Helfrich Hamiltionian derivation

The Helfrich Hamiltonian describes the bending energy of a membrane (we are leaving out the Gaussian curvature term here).

$$$$F = \int |H|^2$$$$

Mean curvature

$$$H$$$ is the mean curvature, which for a height field function $$$S(x,y)$$$ is defined as

$$$$H = \nabla\cdot\left( \frac{(\nabla S,-1)}{\sqrt{1+|\nabla S|^2}} \right)$$$$

Here $$$(\nabla S,-1)$$$ is the composite vector $$$(\frac{\partial S}{\partial x},\frac{\partial S}{\partial y},-1)$$$, which we simply write as $$$\nabla S - \hat i_z$$$, where $$$\hat i_z = (0,0,1)$$$, thus

$$$$H = \nabla\cdot(\nabla S - \hat i_z)\left(1+|\nabla S|^2\right)^{-\frac12}$$$$

Applying the product rule

$$$$H = \left[\nabla\cdot(\nabla S - \hat i_z)\right]\left(1+|\nabla S|^2\right)^{-\frac12} + (\nabla S - \hat i_z)\cdot\nabla\cdot\left(1+|\nabla S|^2\right)^{-\frac12}$$$$

Applying the chain rule

$$$$H = \nabla^2 S \left(1+|\nabla S|^2\right)^{-\frac12} + (\nabla S - \hat i_z)\cdot \left(-\frac12\right)\left(1+|\nabla S|^2\right)^{-\frac32}2(\nabla S)\nabla^2S$$$$

Combining terms

$$$$H = \nabla^2 S \left[\left(1+|\nabla S|^2\right)^{-\frac12} - (\nabla S - \hat i_z) \left(1+|\nabla S|^2\right)^{-\frac32}\nabla S\right]$$$$

In a 2D system $$$\nabla S \cdot \hat i_z = 0$$$, thus

$$$$H = \nabla^2 S \left[\left(1+|\nabla S|^2\right)^{-\frac12} - |\nabla S|^2 \left(1+|\nabla S|^2\right)^{-\frac32}\right]$$$$

First variation

For the phase-field equations we need to calculate the functional derivative (or first variation) with respect to the height variable $$$S$$$

$$$$\frac{\delta F}{\delta S} = \underbrace{\frac{\partial F}{\partial S}}_{=0} - \nabla\cdot \frac{\partial F}{\partial\nabla S} - \color{gray}{\nabla^2\cdot \frac{\partial F}{\partial^2\nabla S} + \dots}$$$$

I did not add the higher order derivative terms...
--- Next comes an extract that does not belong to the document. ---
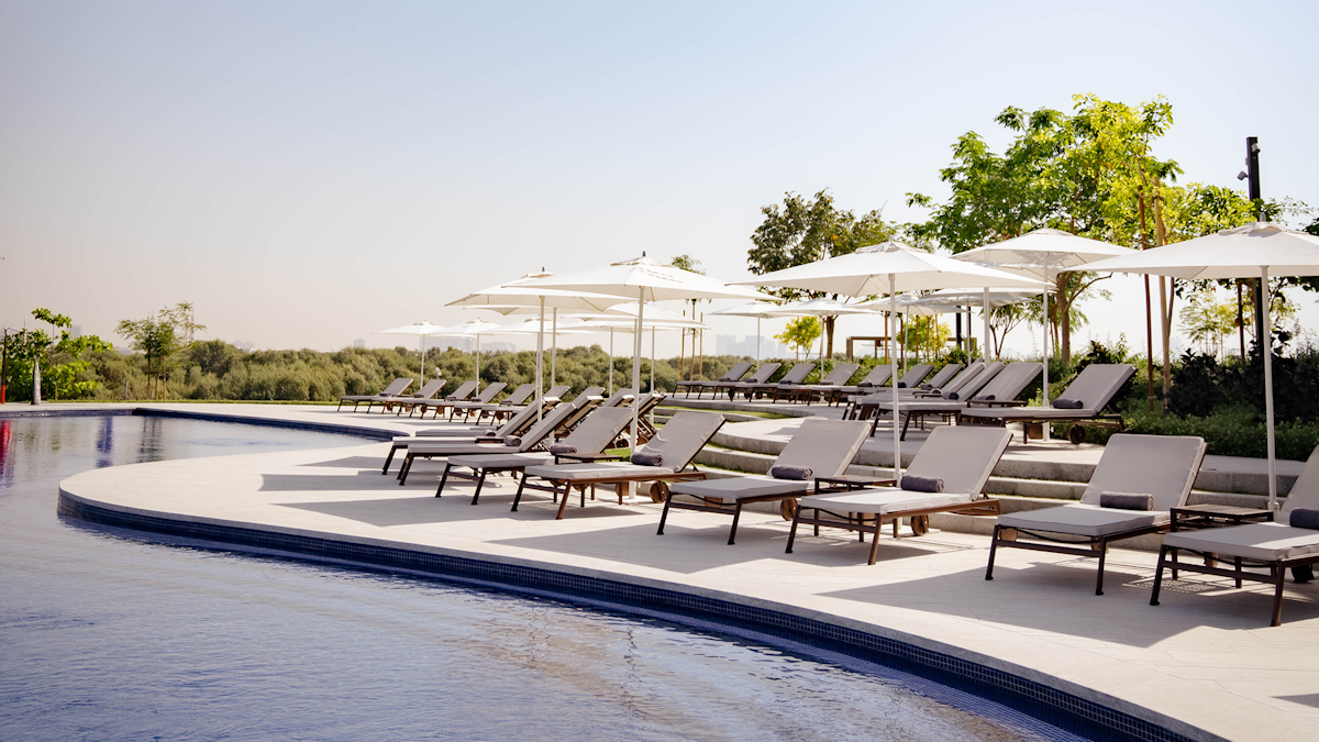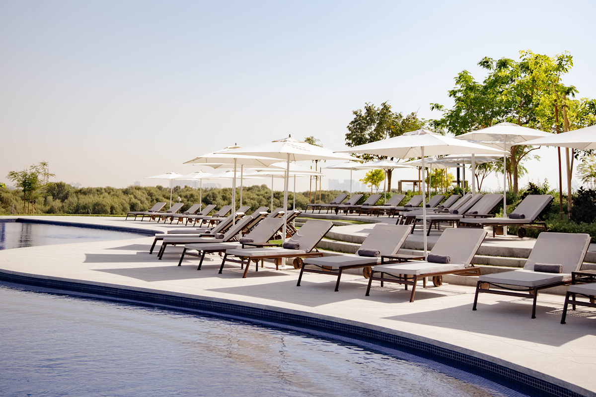 Pool time to tee time – this is where you serve, swing, sweat, and reset. Tucked between Ajman’s mangroves and fairways, Al Zorah Golf & Yacht Club feels calm and considered, with adults-only poolside lounging set one level above the course, looking out over open skies and greenery. Move from a slow morning by the water to an hour on the tennis courts, then stroll over to the Nicklaus-designed course for a round across wide, generous fairways. After your game, match, or swim, the sauna and refined changing facilities bring that quiet, club-like finish to your day. Take things to the terrace at The Restaurant as the sun drops behind the greens – all soft light, open views, and easy energy that make staying a little longer feel mandatory.

As $$$S$$$ does not appear underived in $$$F$$$ the first term of the functional derivative drops out

$$$$\frac{\delta F}{\delta S} = - \nabla\cdot \frac{\partial}{\partial\nabla S} \left( (\nabla^2 S)^2 \left[\left(1+|\nabla S|^2\right)^{-\frac12} - |\nabla S|^2 \left(1+|\nabla S|^2\right)^{-\frac32}\right]^2 \right)$$$$

which yields

$$$$\frac{\delta F}{\delta S} = - \nabla\cdot \left( (\nabla^2 S)^2 \left( -\frac{|\nabla S|^2}{\left(1+|\nabla S|^2\right)^\frac32} + \left(1+|\nabla S|^2\right)^{-\frac12} \right) \left( \frac{6|\nabla S|^3}{\left(1+|\nabla S|^2\right)^\frac52} - \frac{6\nabla S}{\left(1+|\nabla S|^2\right)^\frac32} \right) \right)$$$$

Which simplifies to

$$$$\frac{\delta F}{\delta S} = \nabla\cdot \left( \frac{6(\nabla^2 S)^2\nabla S}{\left(1+|\nabla S|^2\right)^4} \right)$$$$

Applying the product rule once

$$$$\frac16\frac{\delta F}{\delta S} = \left[\nabla\cdot (\nabla^2 S)^2\nabla S\right] \left(1+|\nabla S|^2\right)^{-4} +(\nabla^2 S)^2\nabla S \left[\nabla\cdot\left(1+|\nabla S|^2\right)^{-4}\right]$$$$

and again, with the chain rule

$$$$\frac16\frac{\delta F}{\delta S} = \left[2\nabla^2S\cdot\nabla^3S\cdot\nabla S + (\nabla^2 S)^3\right] \left(1+|\nabla S|^2\right)^{-4} -(\nabla^2 S)^2\nabla S \left[ 8\left(1+|\nabla S|^2\right)^{-5}\nabla S\cdot\nabla^2S \right]$$$$

simplify

$$$$\frac16\frac{\delta F}{\delta S} = \left[2\nabla^2S\cdot\nabla^3S\cdot\nabla S + (\nabla^2 S)^3\right] \left(1+|\nabla S|^2\right)^{-4} -8(\nabla^2 S)^3|\nabla S|^2 \left(1+|\nabla S|^2\right)^{-5}$$$$

Allen-Cahn bending energy equation

We can solve for $$$S$$$ as a non-conserved order parameter by plugging the result above into an Allen-Cahn equation

$$$$\frac{\partial S}{\partial t} = -6L \left( \left[2\nabla^2S\cdot\nabla^3S\cdot\nabla S + (\nabla^2 S)^3\right] \left(1+|\nabla S|^2\right)^{-4} -8(\nabla^2 S)^3|\nabla S|^2 \left(1+|\nabla S|^2\right)^{-5} \right)$$$$

Introducing an additional variable $$$\mu = \nabla^2 S$$$ we get

$$$$\frac{\partial S}{\partial t} = -6L \left( \left[2\mu\cdot\nabla\mu\cdot\nabla S + \mu^3\right] \left(1+|\nabla S|^2\right)^{-4} -8\mu^3|\nabla S|^2 \left(1+|\nabla S|^2\right)^{-5} \right)$$$$

First variation of the linearized form

Taking

$$$$F = \int |\nabla^2S|^2$$$$

with the higher order functional derivative terms you get

$$$$\frac{\delta F}{\delta S} = \nabla^2\cdot2\nabla^2S$$$$